A practice located in a space in-between and at the edges of *threads (community, flexibility, layered time, right-brained) and *bricks (individuality, linear, left-brained), aiming to calibrate each sensibility towards a generative orientation and inter-weave their strands to create something integrated. Braiding is not a form of synthesis in which two approaches are combined in order to create a new, third possibility to replace them both. Braiding is premised on respecting the continued internal integrity of both the brick and thread orientations, even as both sides might be transformed in the process of braiding. Braiding opens up different possibilities for engagement, without guarantees about what might emerge from those engagements. Braiding is not an endpoint, but rather an ongoing and emergent process.
*Thread and Brick sense and sensibilities
Thread sense and sensibilities stand for a set of ways of being that emphasize inter-wovenness, shape-shifting flexibility and layered time;
Brick sense and sensibilities stand for a set of ways of being that emphasize individuality, fixed form and linear time;
Colonialism occurs when an external power asserts authority over a group of people — their lives, lands, and “resources.” Settler colonialism in particular is premised on the systemic and ongoing dispossession of Indigenous Peoples and the occupation (“settlement”) of Indigenous lands by non-Indigenous people. Canada and the US are both considered to be settler colonial states. Settler colonialism encompasses the forceful establishment and ongoing political control of colonial systems of government that were and are intended to replace and eliminate Indigenous Peoples. Settler colonialism was established and continues to be maintained in ways that specifically advantage white settlers over and above others. Colonialism overlaps with other forms of oppression, including racism, sexism, homophobia, transphobia, exploitation, and ecological extraction.

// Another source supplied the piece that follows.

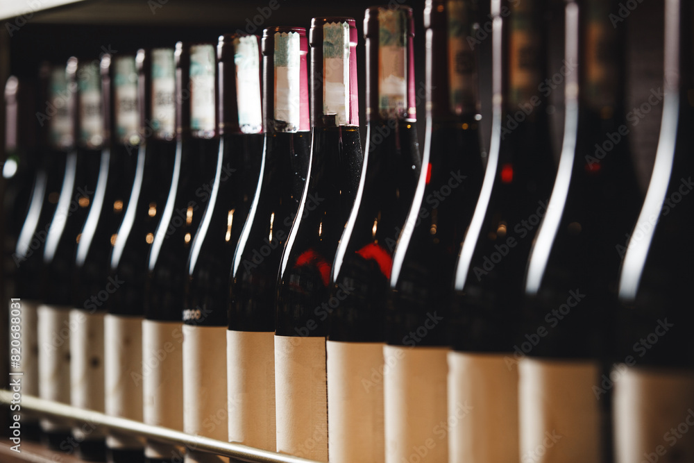 Row of Red Wine Bottles Lined Up on Wooden Shelves in Cozy Cellar
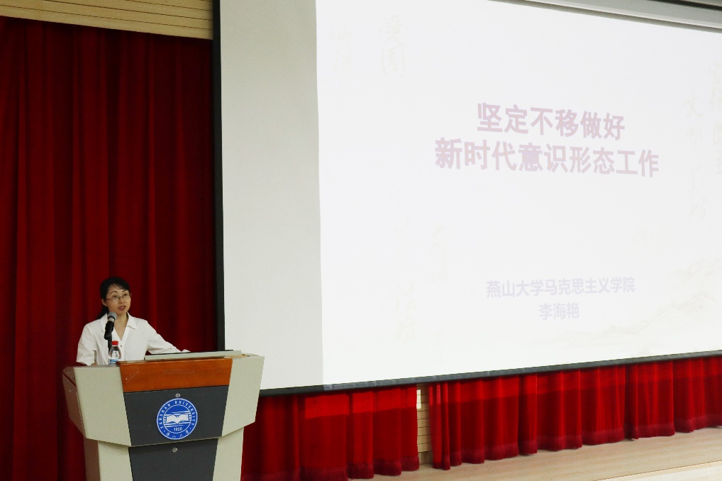 9月25日下午,星空(中国)邀请马克思主义学院李海艳老师作了题为《坚定不移做好新时代意识形态工作》的集体政治理论学习专题讲座。讲座由党委书记屈晓阳主持。学院领导班子成员、全体教职工参加讲座。

Cultural safety is an outcome based on respectful engagement that recognizes and strives to address power imbalances inherent in a society. Cultural safety can be defined only by the Indigenous person being affected. To be culturally safe requires the continuous practice of cultural humility, which is a process of self reflection to understand personal and systemic biases to facilitate respectful processes and relationships based on mutual trust. Cultural humility involves humbly acknowledging oneself as a learner when it comes to understanding another’s experience.
Decolonization is the intelligent, calculated, and active resistance to the forces of colonialism that perpetuate the subjugation and/or exploitation of our minds, bodies, and lands, and it is the ultimate purpose of overturning the colonial structure and realizing Indigenous liberation. Decolonization is a process that addresses the multiple facets of disconnect between the health outcomes of a nation’s population and that of the Indigenous people within that nation, and the root of perpetual inequity itself. It is a process of Indigenous Peoples’ reclamation of political, cultural, economic and social self-determination, including the re-development of positive individual, familial, community and nation level identities. These efforts require the active involvement of Indigenous as well as non-Indigenous peoples, requiring the dismantling of colonialism as the dominant model upon which a nation’s society operates.